Rachmaninoff’s little music, which accompanied the credits, also preceded moments of history, such as the arrival of Soviet dissident Alexander Solzhenitsyn. In 1990, the host also welcomes Gabriel Matzneff, lightly described as a “pussy collector”. This extract came back to him like a boomerang in January 2020, with the publication of “Consent”, the story in which Vanessa Springora accused the writer of having abused her and her extreme youth. Pivot was part of a literary world which then overwhelmingly considered the seducer of teenage girls as one of its own.

At this moment, the host has just retiredand still, at 84, he still writes a column in the Journal du Dimanche and regularly publishes books, something he had always forbidden in his television years, from “Apostrophes” (1975-1990) to “ Bouillon de culture” (1991-2001), then “Double Jeu” (2002-2005).

When he left the small screen, he was 70 years old and we believed in real goodbyes, but it was difficult to know him. The first non-writer elected to the Goncourt Academy in 2004, he became its president from 2014 to 2019. With a mischievous slogan: force the jurors to read! No more small arrangements between publishers.
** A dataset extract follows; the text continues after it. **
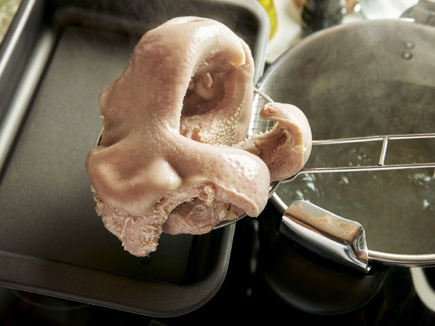 1. Se blanquean los morros en agua hirviendo, se escurren y se afeitan con una maquinilla.

A lover of words who became a star on Twitter

At a time when others are dropping out, Pivot is catching on to modernity by becoming one of the stars of Twitter, with his very early morning witticisms, long as regular as a train timetable, collected in a book, “Tweets are cats “. If he had become very discreet there since his illness, it is on this network that he found his fans to announce the release of his final book, in February 2022: “At the end of my life I feel so deeply this that I owe to the friendship that I praised it…” In 2015, he even went on stage to play “Help! The words ate me.”

Bernard Pivot, here guest on Michel Drucker's Sunday show in 2011, was a fervent supporter of Saint-Étienne.
Bernard Pivot, here guest on Michel Drucker’s Sunday show in 2011, was a fervent supporter of Saint-Étienne.

He never lost his boyish enthusiasm. In 2018, we met Bernard Pivot during a cruise organized for the media retirement of Jean-Michel Larqué, host on RMC and former captain of the Greens, a club of which the man of letters was a supporter all his life. He agrees to tell us about his passion for Saint-Étienne, when he learns that Rachid Mekhloufi, star of the club in the 1950s, is on board. He disappears like a cat, and goes to sit next to his idol.

Very shy, the president of Goncourt, then aged 83, religiously listened to his 84-year-old elder. Like an interview just for him. His very first show was called “Open the quotes”. How sad it is to close them. To the sound of Rachmaninov’s Piano Concerto No. 1, end credits.